Always make it a habit to try and produce a graphic output of your data (if suitable) before embarking upon any inferential testing. |
Where the input ratio data is sufficiently accurate, a scattergraph may be used to calibrate one variable given the other.
An Ice cream manufacturer, Superlick Ltd, need to link their daily ice cream production to daily temperatures because they have found in the past that as the daily ambient temperatures rise, so does the sales of their ice cream! After monitoring sales for some time, they finally produced the following summary.
It is important to recognise that these two variables have different characteristics. 'Temperature' is an independent (often described as 'error free') variable because we cannot modify or alter the ambient air temperature on a summer's day! Thus it must be placed on the 'X' axis. 'Sales' is the dependent variable and must be placed on the 'Y' axis.
Ambient
Temperature (deg C) | Daily
sales £ '000 |
<
4 | 0 |
6 |
0.6 |
8 |
0.8 |
10 |
1.3 |
12 |
1.9 |
14 |
4 |
16 |
4.2 |
18 |
3.9 |
20 |
5 |
22 |
6.6 |
24 |
7.7 |
26 |
8 |
Q. From looking at the above chart, how would you describe the relationship between the sales of Ice Cream and daily temperatures?
Q. You are the Sales Manager for Superlick Ltd, how will you use this new data?
Q. Do you consider that this constitutes a relationship between the two variables? If so, why?
Q. Would it be acceptable to use this as a calibration chart?
Q. If one variable changes, what happens to the other? (Think carefully!) x>>>y? , y>>>x?
Note that we are not attempting to 'join up the dots' at this stage.... but this will come later.
Here is a second example where we have plotted the typical price for a 3-bedroomed house against the distance from the local (highly rated) Junior school.

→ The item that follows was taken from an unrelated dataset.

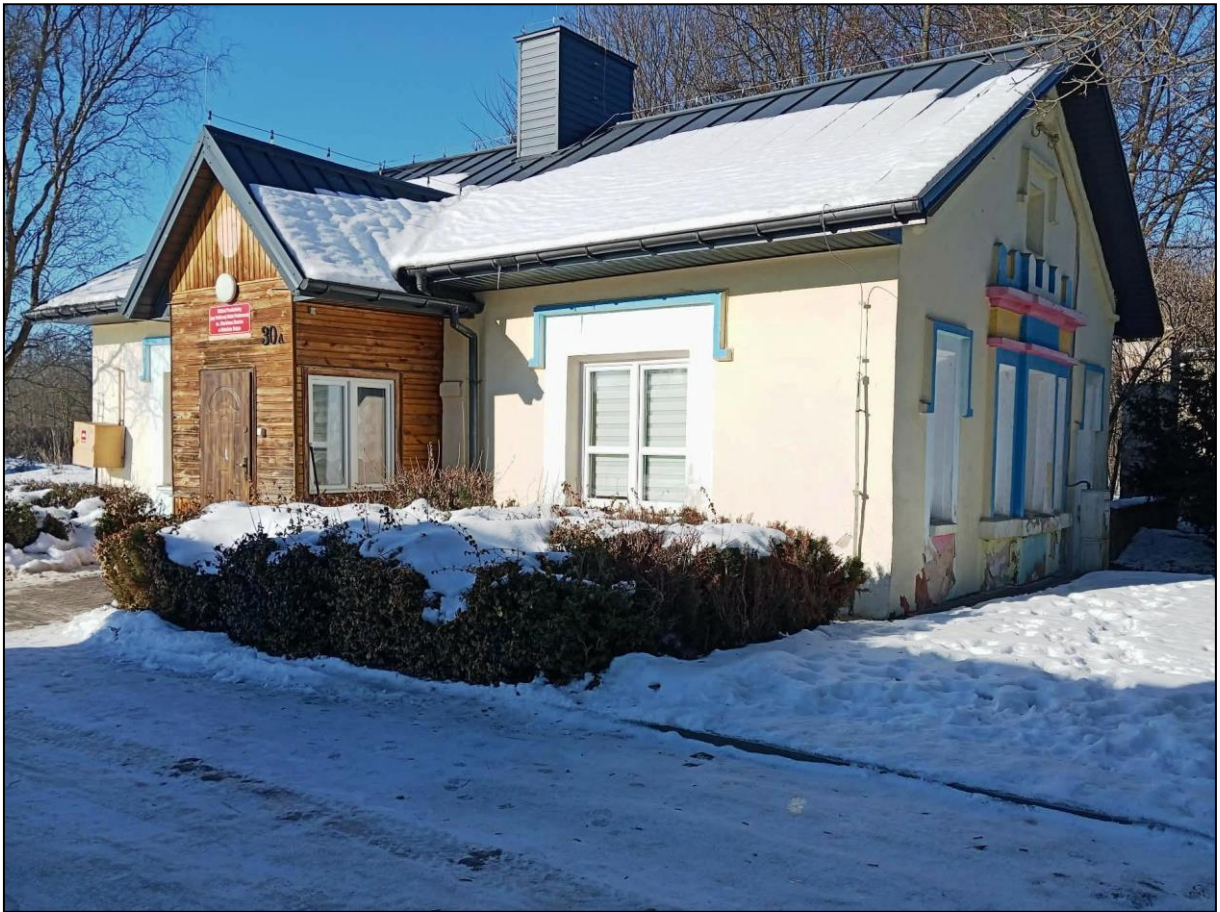
Budynek kontrolny, ob. przedszkole

Q. Do you consider that the above chart is sufficient to state that there is or is not a relationship between the two variables? Describe what you can deduce from this chart.
Q. How do we know that there are not many other factors (called co-factors or confounding factors) that are influencing the house prices?
(See also: Correlation in Focus 7 and Regression in Focus 8)
Last year, Floids Bank plc launched their new on-line banking service with a heavy promotional campaign co-ordinated by their sales and marketing team. Here are the results (measured as 'web-hits') for the first 9 months.....
Web 'Hits' |
Promotional expenditure
(£) | |
April |
60,000 | 40,000 |
May |
33,000 | 30,000 |
June |
37,000 | 30,000 |
July |
36,000 | 25,000 |
August |
39,000 | 25,000 |
September |
42,500 | 35,000 |
October |
48,500 |
35,000 |
November |
37,000 | 27,000 |
December |
47,000 | 20,000 |
Task: Plot the above data and make your deductions in the form of a short report to the Board of Floids Bank plc. Note that in this instance you should treat '£ promo' as the independent variable.